DATA SUPPLIED –
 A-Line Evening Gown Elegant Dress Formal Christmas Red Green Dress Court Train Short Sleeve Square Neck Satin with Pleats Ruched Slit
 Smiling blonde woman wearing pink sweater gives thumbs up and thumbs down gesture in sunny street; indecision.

* * *

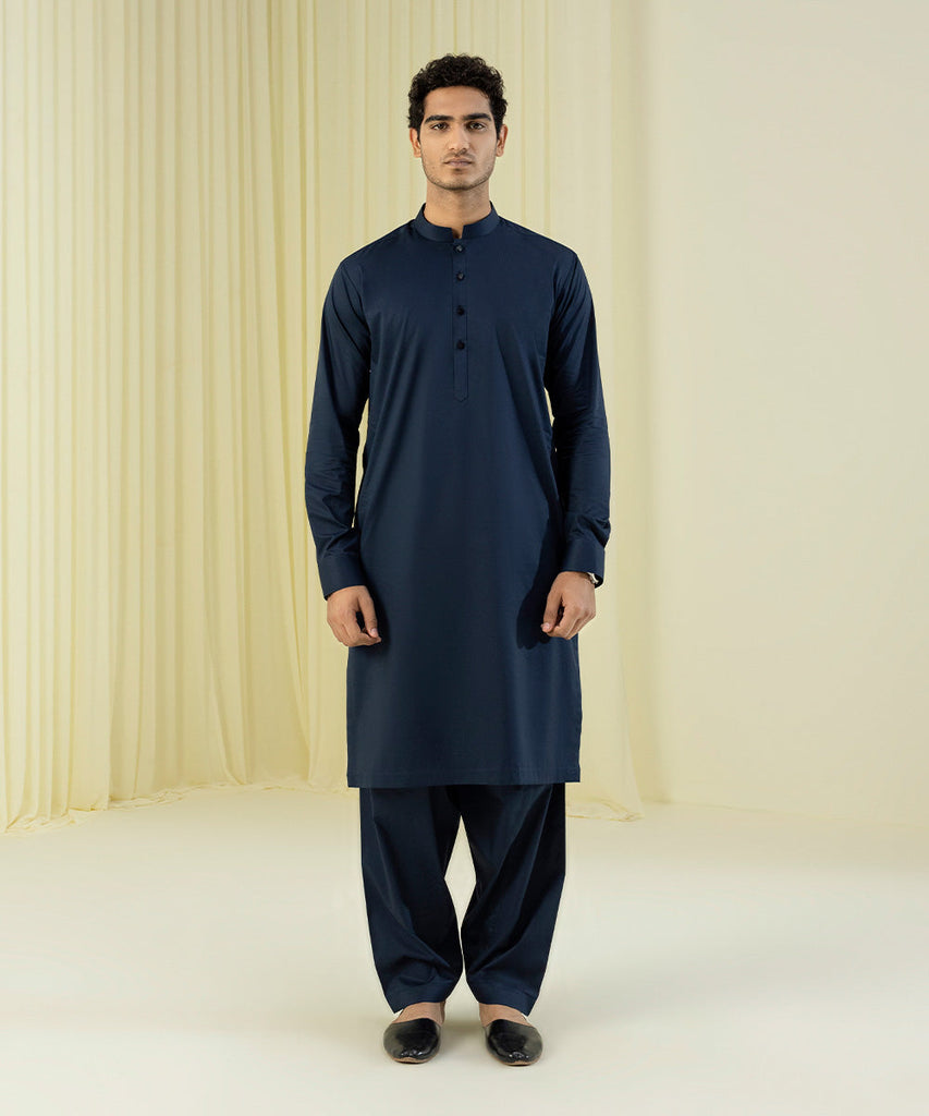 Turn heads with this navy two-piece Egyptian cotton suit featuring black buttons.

YOUR OBJECTIVE – Look above for the line holding "A-Line Evening Gown". Print it and every line after it, exactly, through the line holding "Smiling blonde woman".

RESULT –
 A-Line Evening Gown Elegant Dress Formal Christmas Red Green Dress Court Train Short Sleeve Square Neck Satin with Pleats Ruched Slit
 Smiling blonde woman wearing pink sweater gives thumbs up and thumbs down gesture in sunny street; indecision.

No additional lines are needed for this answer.